In July 2013, the Flames signed Backlund to a two-year, $3 million contract extension. That season, he recorded the best totals of his career in every offensive category, finishing third on the Flames in goals (18) and fourth in points (39). While the team around him regressed to the worst finish in team history, Backlund asserted himself as one of its top offensive threats.

In 2014–15, Backlund faltered slightly, suffering through injuries and trade rumours; however, the Flames surprisingly skyrocketed up the standings en route to their first playoff berth in six years. Backlund's 10 goals and 27 points were just 11th and 12th on the Flames, but he only played 52 games in the regular season. He continued struggling into the playoffs, only recording 1 goal and 1 assist in 11 games played. However, the one goal Backlund scored was an important one, as it came in overtime of Game 3 of the Flames' second-round series against the Anaheim Ducks to give Calgary their first win past the first round in 13 years.

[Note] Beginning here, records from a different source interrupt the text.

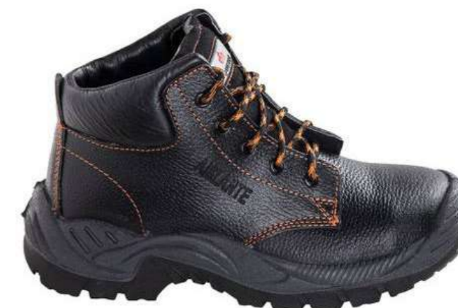
Zapato de seguridad 250 Quebec

Código: 201900960866 Mercado Público: 1634440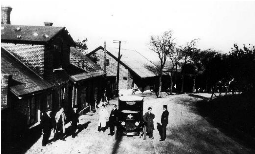
Skaade Forbrugsforening var ofte samlingssted for den almindelige snak - indendørs, eller som her på billedet lige udenfor. Bemærk Hads Herredsvejen (Oddervej), som dengang gik helt tæt på brugsforeningen og foderstoffabrikken "Møllen". Først senere blev Oddervej rettet ud i det vejforløb, vi kender i dag.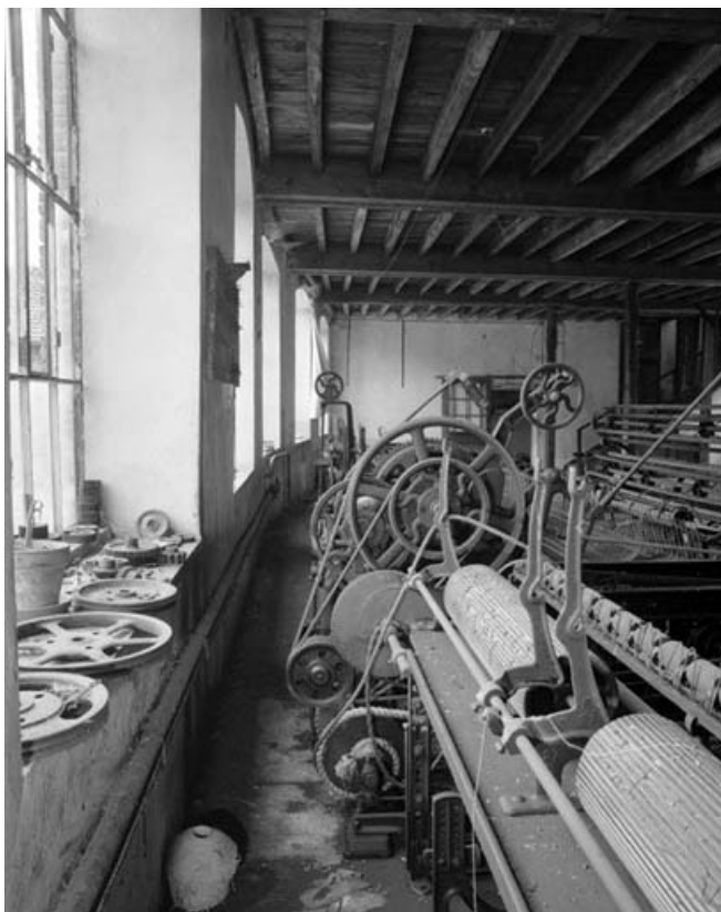
Système moteur : partie arrière vue de la droite.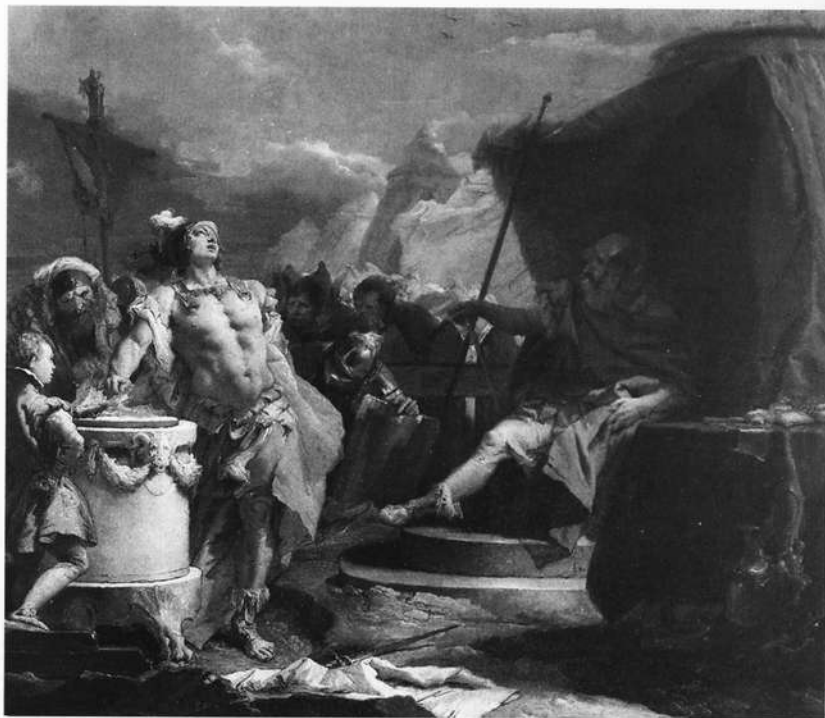
Abb. 8: G.B. Tiepolo: Mucius Scaevola vor Porsenna, Residenz, Martin-von-Wagner-Museum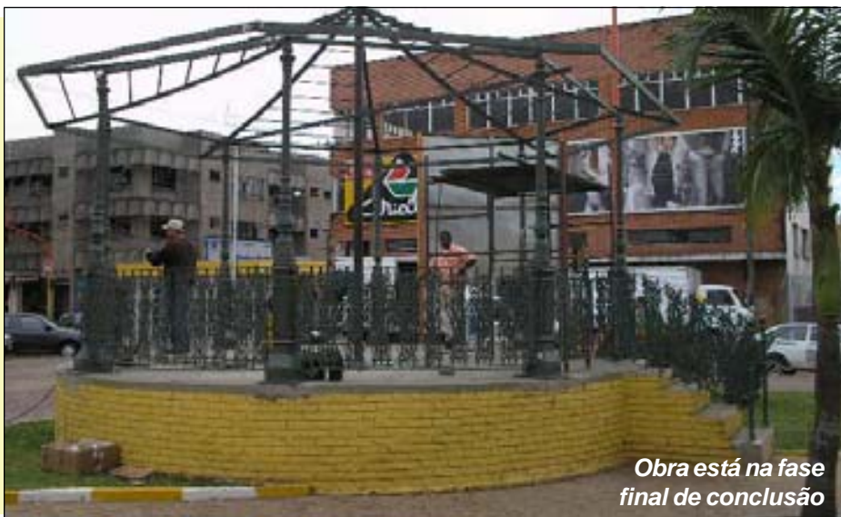
Obra está na fase final de conclusão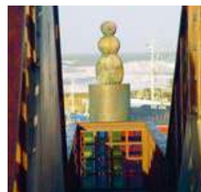
Monumentet SCOTT som bølge- bryder yderst på BASTIONEN

en særlig forbindelse mellem figurgruppen og den tids mennesker netop på det skæbneplan, der fysisk viser sig på Bastionens top – og mellem de to bølger. Det underlige ved dette skæbneplan er, at det til den ene side skiller bølgen og til den anden, at det vokser frem som et selvstændigt element – det synes, som om det er dette plan, hvor det daglige skærer det rituelle.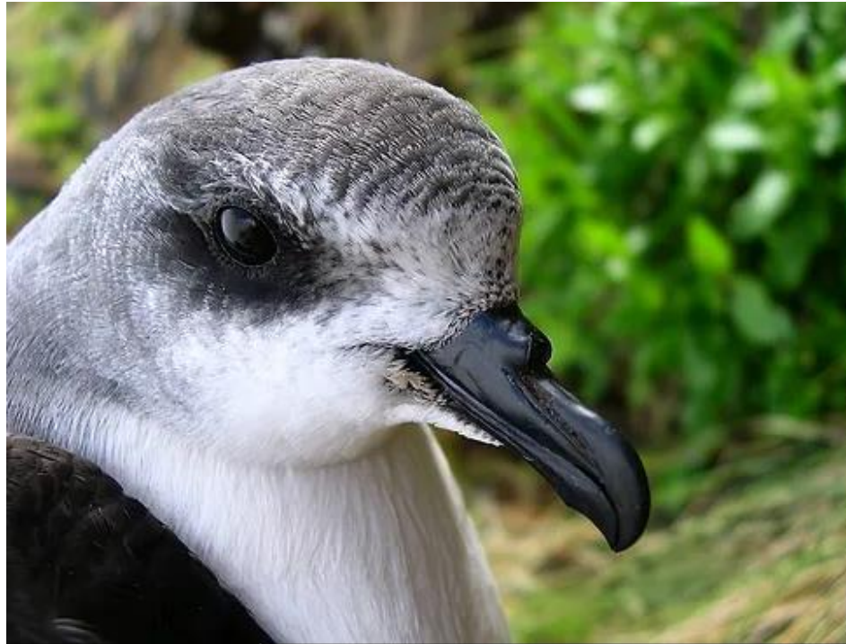
Freira-da-madeira, Pterodroma madeira Endémica 65-80 casais reprodutores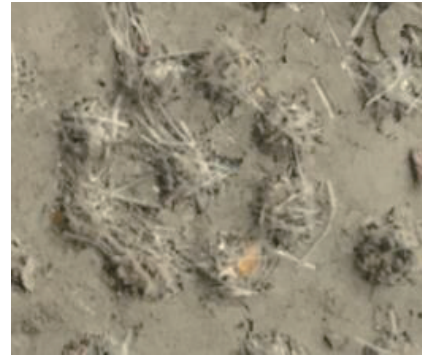
图4 干燥后的局部泥饼

对于1~2 mm 的孔板和缝板,当水泥和 Strata-vanguard 颗粒进入裂缝中时,在压力作用下迅速脱水而有效堆积堵塞裂缝;对于3 mm 的孔板和缝板,由于裂缝相对更大,颗粒不足以封堵裂缝,此时聚丙烯纤维在裂缝附近交织形成网状结构,将裂缝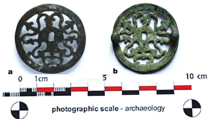
Fig. 16. Aplică ( fibula? ) din bronz, cu ornamente vegetale (sec III p.Chr.) (a. față, b. spate).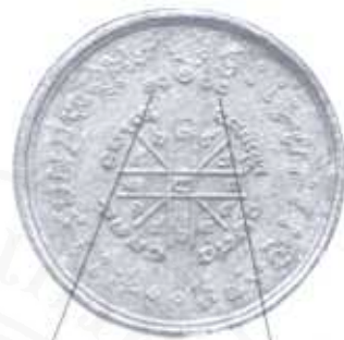
๒๑ แทน หัวใจพ่อ ๑๒ แทน หัวใจแม่ ฉะนั้นการลงอักขระคาถาอาคมไว้จะช่วย

ตัวอย่าง การลงเลขยันต์ด้านหลังของดวง ตราพระเทวราชของมูลนิธิสิริธรฯ จะเห็นเลข ๒๑ และ ๑๒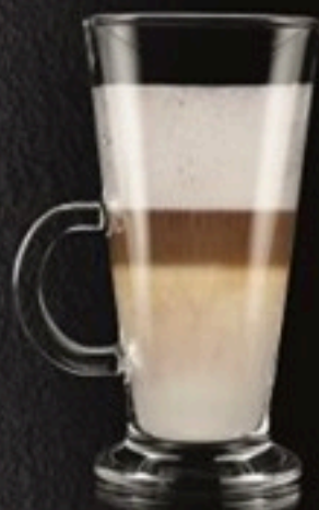
Latte Machiato 630 Ft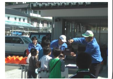
表彰式 賞品は生野特産品の詰合せ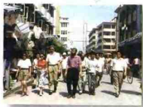
外国友人参观石浦村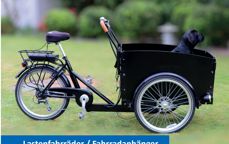
Lastenfahrräder / Fahrradanhänger

Ziel der Förderung von Lastenfahrrädern ist, dass noch mehr Kurzstrecken – anstatt mit dem Auto – mit dem Fahrrad zurückgelegt werden. Mit der Förderung des Fahrradverkehrs soll der innerstädtische Verkehr reduziert und die Luftqualität in der Stadt verbessert werden.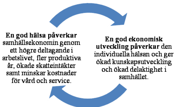
Figur 2 Samband mellan hälsa och ekonomi 25

Lönsamhet i hälsa måste ses på sikt. Med lönsamhet menar vi att invånarna upplever ökad livskvalité och att hälsan ökar samtidigt som att samhällskostnaderna minskar. Åtgärder för att förbättra folkhälsan kräver ofta särskilda investeringar, dessa kan leda till en så kallad kostnadspuckel. Men på sikt leder väl genomtänkta åtgärder till bättre hälsa och därmed även minskade samhällskostnader. 24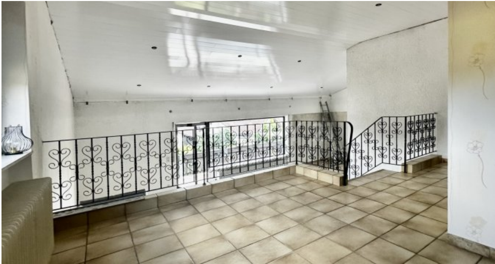
Galerie - lichtdurchflutet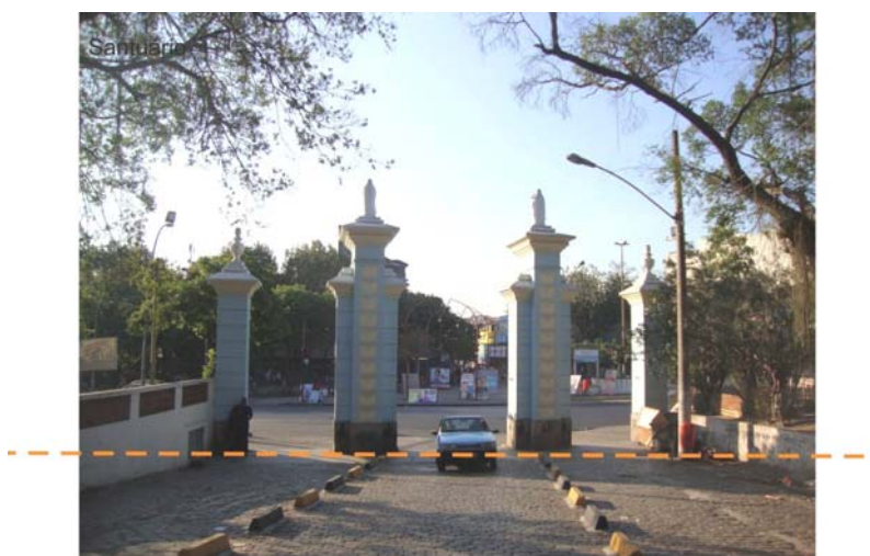
Figura 6: Limite Irmandade

Existe no tecido urbano da Penha a distinção clara entre o público e o privado, estando seu limite nos alinhamentos das edificações que definem as quadras. No entanto, esse dado passa a ser menos importante do que a dominância do espaço coletivo, representado por toda a área livre da Irmandade e do Santuário. É esse espaço, de propriedade privada e uso público, o que mais fortemente caracteriza a área de estudo (fig. 06).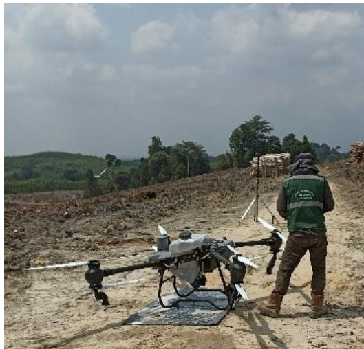
Penyemprotan Gulma dengan Drone Sprayer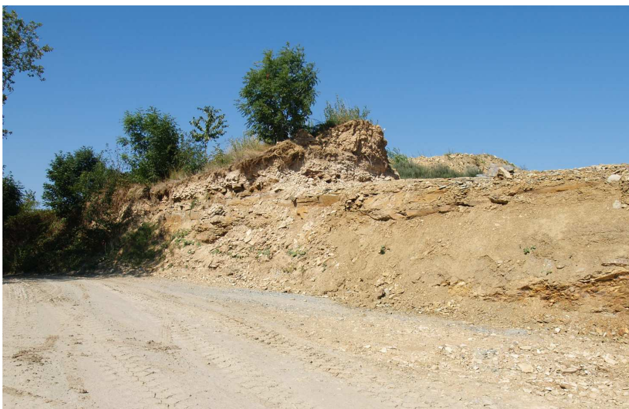
Obrázek 14 - Nadložní křídové sedimenty v zářezu u odvalu v Mastech.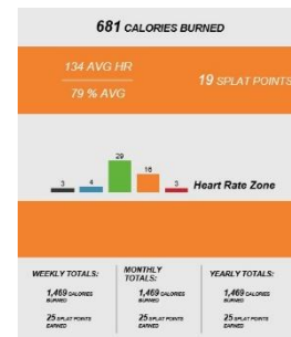
↑ メールで送付されるワークアウト結果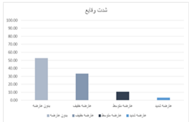
نمودار ۳: توزیع فراوانی خطاهای پزشکی به تفکیک شدت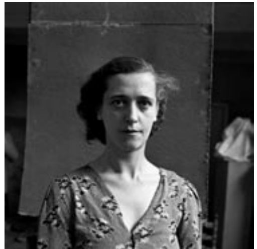
Ad Windig, Nicht Bertus Sondaar z.j., jaartal onbekend © Ad Windig/MAI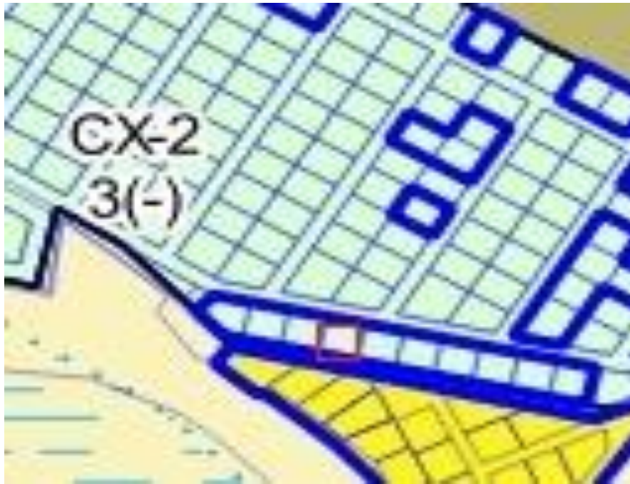
Рисунок 1 – Фрагмент карты градостроительного зонирования

- с севера: с проездом общего пользования— земельным участком с кадастровым номером 50:32:0010207:562; - с запада: с земельным участком с кадастровым номером 50:32:0010207:228; - с юга: с проездом общего пользования—земельным участком с кадастровым номером 50:32:0010207:552; - с востока: с земельным участком с кадастровым номером 50:32:0010207:230.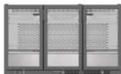
ERV 35 SH

900 x 510 x 850 mm. Temp. +4°C/+8°C C. Clima. 4 / 38°C 230V/1ph/50Hz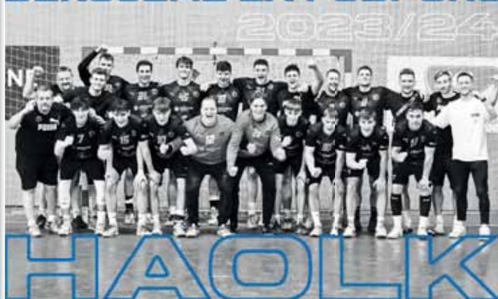
Házenkářská akademie Olomouckého kraje má za sebou další velice dobrou sezónu.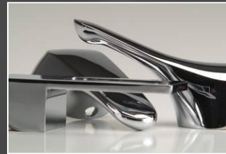
Grifería sanitaria Accesorios de baño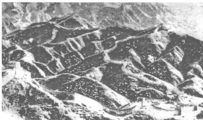
图 1-2 山地

山地是层峦叠嶂、脉络明显，高差大于 200 米，坡度较大的地表形态（图 1-2）。这种地形上，地表岩层裸露或离地表很浅，起伏连绵，多绝壁悬崖，河谷深切，水流湍急；居民地区沿河谷分布，密集的大居民地稀少，道路网不发达，主要干线公路较平原、丘陵地形上的少且等级低，而且坡度、方向变化大；其植被要素受气候和海拔的共同影响很大，我国山地地形的植被覆盖率极不平衡。当在山地地貌上覆盖有森林时，则形成山林地形。在热带则形成热带山林丛林。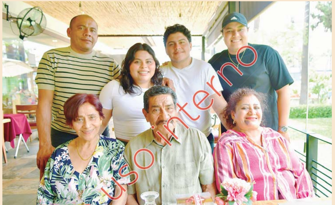
El cumpleaños lució muy contenido por esta pequeña celebración en la que estuvieron sus seres queridos.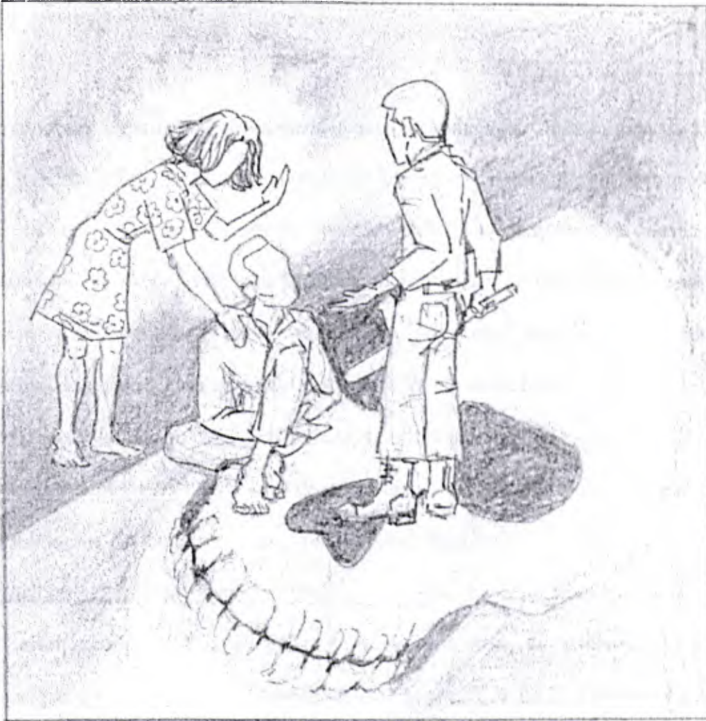
FIGURA 10 – leitura da cena final: a discussão entre Emilio e Miguel (ilustração de Toninho)

tela de arame, que divide os dois espaços, é suspensa por cabos e um foco de luz azul cai no centro do palco, onde se dá a cena da morte.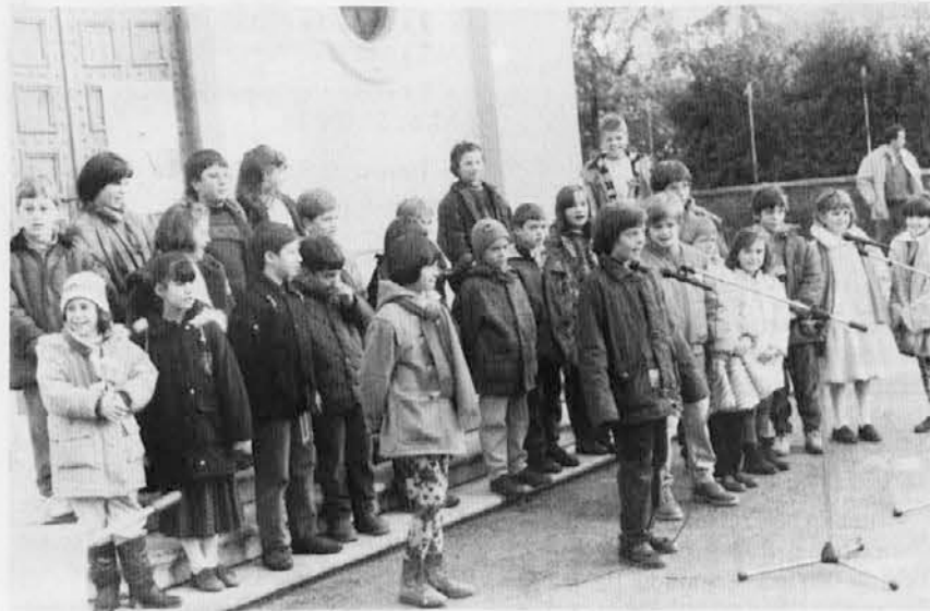
Posnetek iz lepega božičnega srečanja na glavnem štandreškem trgu pred cerkvijo v nedeljo, 22. decembra, na katerem je sodelovala vsa vaška skupnost. Osrednji del programa je oblikovala štandreška osnovna šola »Fran Erjavce«, ki jo vidimo na sliki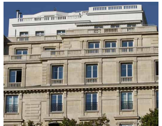
136 avenue des Champs Elysées - 75008 Paris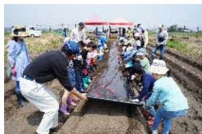
苗植え(マルチの設置)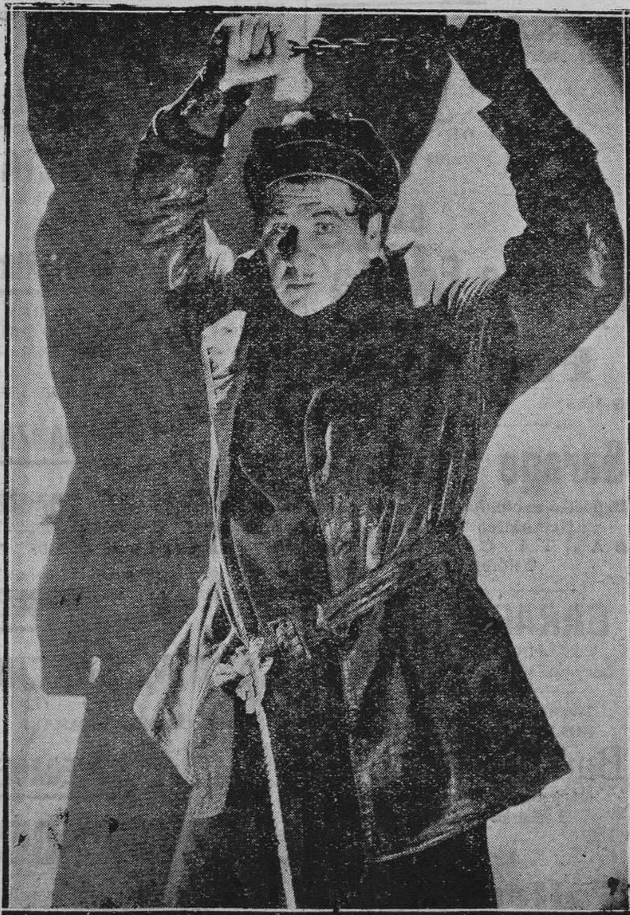
George Bancroft, el formidable intérprete de "El Lobo de Wal Street", "La Fascinación del Bárbaro" y "Un reportaje sensacional", entre otras. El verdadero creador e insuperable protagonista, que por sus maravillosas condiciones y excelentes cualidades de actor de carácter, nunca ha tenido imitadores. Los mencionados "films", realizados por otros artistas, nunca podrían llegar a alcanzar el éxito que con Bancroft obtuvieron. Esto quiere decir que Bancroft, es el alma de los mismos.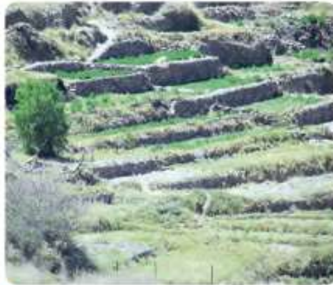
📍 Terrazas de cultivo de los pueblos originarios aymaras, lickanantay, entre otros.

3. ¿Qué podemos concluir a partir de las siguientes imágenes y el texto adjunto?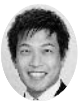
谷川智行 参議院比例代表候補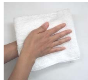
(8) タオルは使い回しをしないこと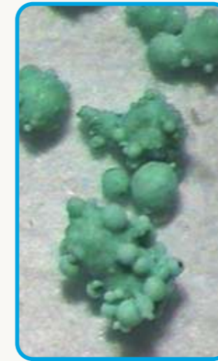
Granuli di CUPROTEK DISPERSS®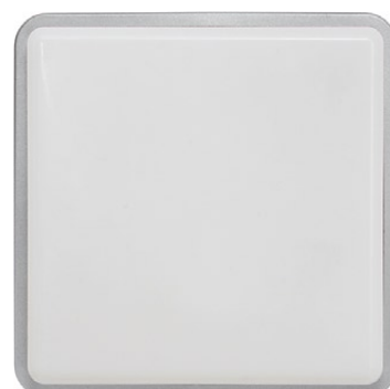
3122 TAHOE I srebrny metalik ↓ 25 cm ↔ 25 cm 1 x E27, max 25W IP 65

On 20 June 2015, Backlund signed a three-year, $10.725 million contract extension with Calgary. Put on a line with free-agent acquisition Michael Frolík, Backlund enjoyed his most productive year yet in 2015–16, passing the 20-goal and 40-point plateaus for the first time in his career. His final totals were 21 goals and 26 assists for 47 points. While contributing significantly in the offensive zone, Backlund also established himself as a defensive catalyst, forming a tag-team on the penalty kill with Frolík; together, the two of them combined for five short-handed goals in the season. Backlund finished first on the team in the plus/minus column, sporting a +10.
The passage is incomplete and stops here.